Closest Pair Implemetation Python

maverick93 picture maverick93 · Jan 30, 2015 · Viewed 13.1k times · Source

I am trying to implement the closest pair problem in Python using divide and conquer, everything seems to work fine except that in some input cases, there is a wrong answer.
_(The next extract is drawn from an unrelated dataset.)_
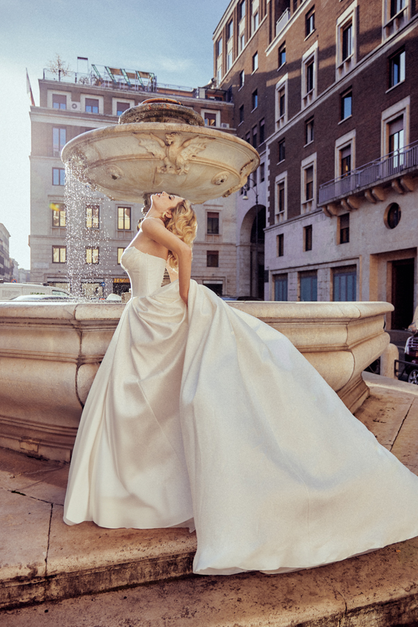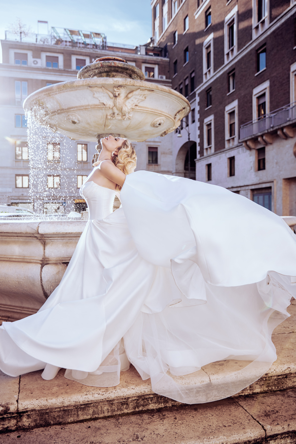 Intramontabile come l’opera cinematografica “la Dolce Vita”. Eterno come Roma che brilla con la sua storia. Autentico come la bellezza di una sposa che indossa il nostro abito Melania.

My code is as follows:

def closestSplitPair(Px,Py,d):
    X = Px[len(Px)-1][0]
    Sy = [item for item in Py if item[0]>=X-d and item[0]<=X+d]
    best,p3,q3 = d,None,None
    for i in xrange(0,len(Sy)-2):
        for j in xrange(1,min(7,len(Sy)-1-i)):
            if dist(Sy[i],Sy[i+j]) < best:
                best = (Sy[i],Sy[i+j])
                p3,q3 = Sy[i],Sy[i+j]
    return (p3,q3,best)

I am calling the above function through a recursive function which is as follows:

def closestPair(Px,Py): """Px and Py are input arrays sorted according to
their x and y coordinates respectively"""
    if len(Px) <= 3:
        return min_dist(Px)
    else:
        mid = len(Px)/2
        Qx = Px[:mid] ### x-sorted left side of P
        Qy = Py[:mid] ### y-sorted left side of P
        Rx = Px[mid:] ### x-sorted right side of P
        Ry = Py[mid:] ### y-sorted right side of P
        (p1,q1,d1) = closestPair(Qx,Qy)
        (p2,q2,d2) = closestPair(Rx,Ry)
        d = min(d1,d2)
        (p3,q3,d3) = closestSplitPair(Px,Py,d)
        return min((p1,q1,d1),(p2,q2,d2),(p3,q3,d3),key=lambda tup: tup[2])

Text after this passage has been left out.